I am convinced that voices and instruments sound at different rates of speed. A good tempo for organ is rarely the best one for voices. A slow tempo that allows voices to flower can sound boring on an organ–that’s the reason for the fast notes in keyboard parts. And voices easily can sing faster than many accompanists can manage. Unfortunately, it is possible for an organ or piano to mirror exactly what is on the page, with no style or flow. Most accompanists offer more than that, but too few are possessed of the genius that stimulates singing, gives effective cues to the voices, supports and encourages without overpowering. The effective accompanist must be composer, conductor, arranger, orchestrator, and singer all at once.

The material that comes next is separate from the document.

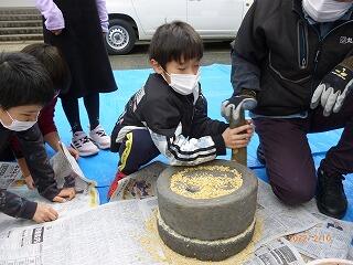 子どもたちは石臼をひいた感触に驚いたり、声を上げたりしていました。とても貴重な体験でした。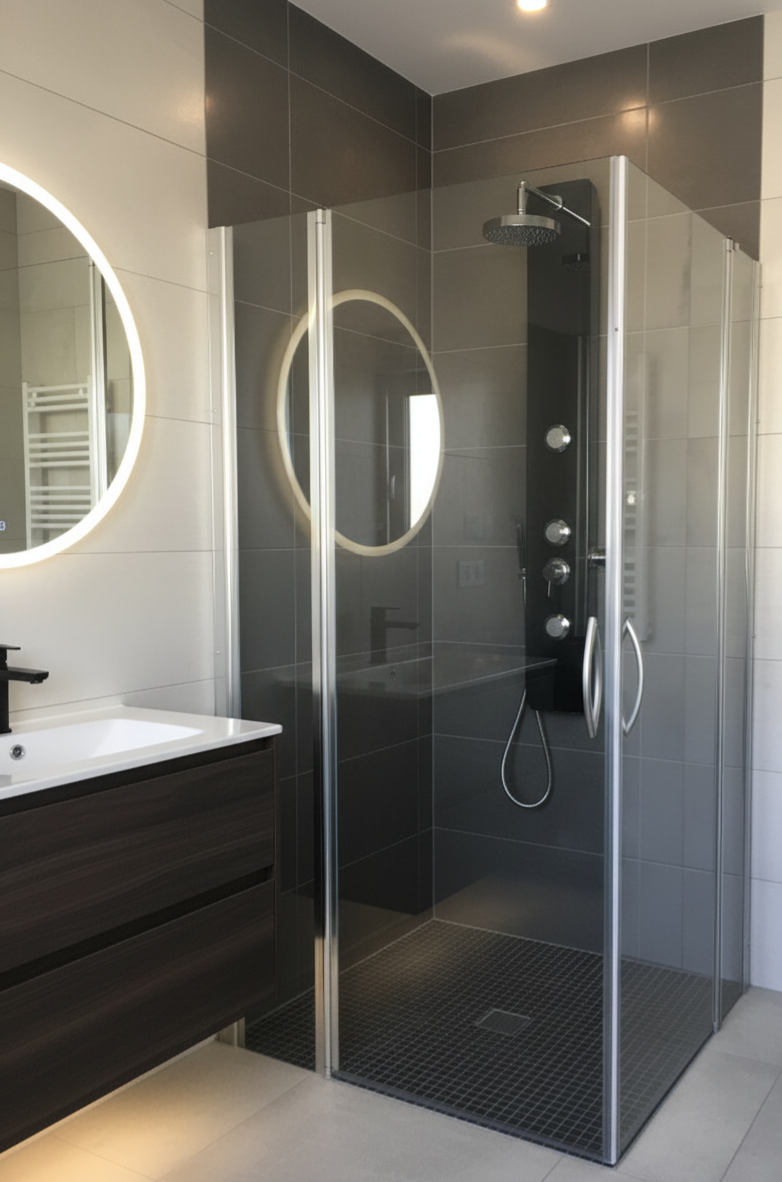 Cabine retangular com fixo portas batente fixo

From Melodious Accord: Good Singing In Church (GIA), page 66
Do you take into account the sounding speeds of instruments as you write? As you conduct?
It’s one of the reasons I work hard to avoid playback from my notation software: it gives you a mistaken impressions of your work, in particular of correct tempi.
My most valued mentor was a virtuosic pianist as well as a conductor; he was notorious for taking pieces about 8-10 clicks faster than you expected. While part of that is probably his high-energy personality, I wonder whether it was also his comfort with the correct sounding-speed of the piano. He naturally heard things at piano tempi, not vocal tempi.
Understanding the differences, and letting the voices lead in choral music, will make the music far more effective.